I asked a few experts I trust to weigh in on what they'd prioritize for brands trying to understand their AI search performance and why.

“We should stop using traffic as a reliable KPI, and start using a blend of Branding and Performance KPIs: AI visibility, sentiment, purchases, and revenue. We also should track visibility at a topical level for relevant questions through the customer journey for each of our product/service lines, rather than individual prompts due to their dynamic nature. Additionally, we also should start asking customers how they discovered us, for better attribution, with quick post-purchase surveys or during their onboarding process, depending on our business model.”

Founder of Orainti

In June 2024, we first described how randomness works in AI and proposed frameworks to measure brand performance in AI as part of a Reforge Webinar. However, there is increasing scrutiny about how accurate these tools are and confusion about how randomness in AI works. By applying basic statistics to a sample of responses, we can successfully estimate a brand's visibility and ranking.  1. AI responds randomly, but the randomness is predictable. Responses are generated from a probability distribution, and the generative process is easy to understand even without a technical background.  2. Measuring visibility is straightforward. We need to generate multiple responses, but 10 is enough for a quick estimate for entity comparison prompts. 3. Measuring ranking is also straightforward. Again, a sample of 10 responses is enough for a quick estimate. 4. Responses from APIs, logged-out accounts, and logged-in accounts can vary significantly. All prompt-tracking tools either track logged-out accounts or use APIs. This means that prompt tracking tools can be used as directional data, taking this variation into account. Take the most valuable  topics you want to win, run multiple variations of the same prompt, run them multiple times, then calculate the % of time your brand appears and the distribution of your rank or position. Track using both an automated scraping tool like Peec AI as well as manually tracking with a logged-in account.

CEO of Graphite

Key takeaway:
Start tracking AI search visibility now

AI search is already influencing buying decisions. The brands that win won't be the ones who waited for perfect measurement but the ones who started tracking early and built the data over time.

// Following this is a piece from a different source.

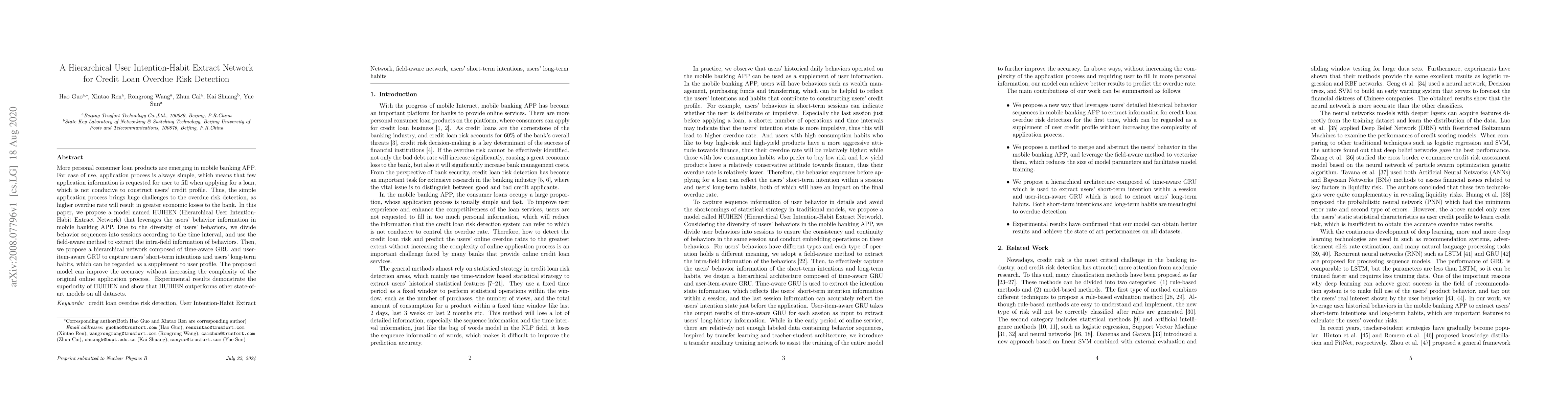 More personal consumer loan products are emerging in mobile banking APP. For ease of use, application process is always simple, which means that few application information is requested for user to fill when applying for a loan, which is not conducive to construct users' credit profile. Thus, the simple application process brings huge challenges to the overdue risk detection, as higher overdue rate will result in greater economic losses to the bank. In this paper, we propose a model named HUIHEN (Hierarchical User Intention-Habit Extract Network) that leverages the users' behavior information in mobile banking APP. Due to the diversity of users' behaviors, we divide behavior sequences into sessions according to the time interval, and use the field-aware method to extract the intra-field information of behaviors. Then, we propose a hierarchical network composed of time-aware GRU and user-item-aware GRU to capture users' short-term intentions and users' long-term habits, which can be regarded as a supplement to user profile. The proposed model can improve the accuracy without increasing the complexity of the original online application process. Experimental results demonstrate the superiority of HUIHEN and show that HUIHEN outperforms other state-of-art models on all datasets.

The metrics are there. Visibility tells you if you're in the room. Ranking tells you how prominently. Sentiment tells you what AI is saying about you when you are. And business metrics, however imperfect, help connect all of it to revenue.

Our advice is to start measuring now. The framework might not yet be complete, but every week you're not tracking is a week you can't explain why your AI search efforts matter: to your clients, your leadership, or yourself.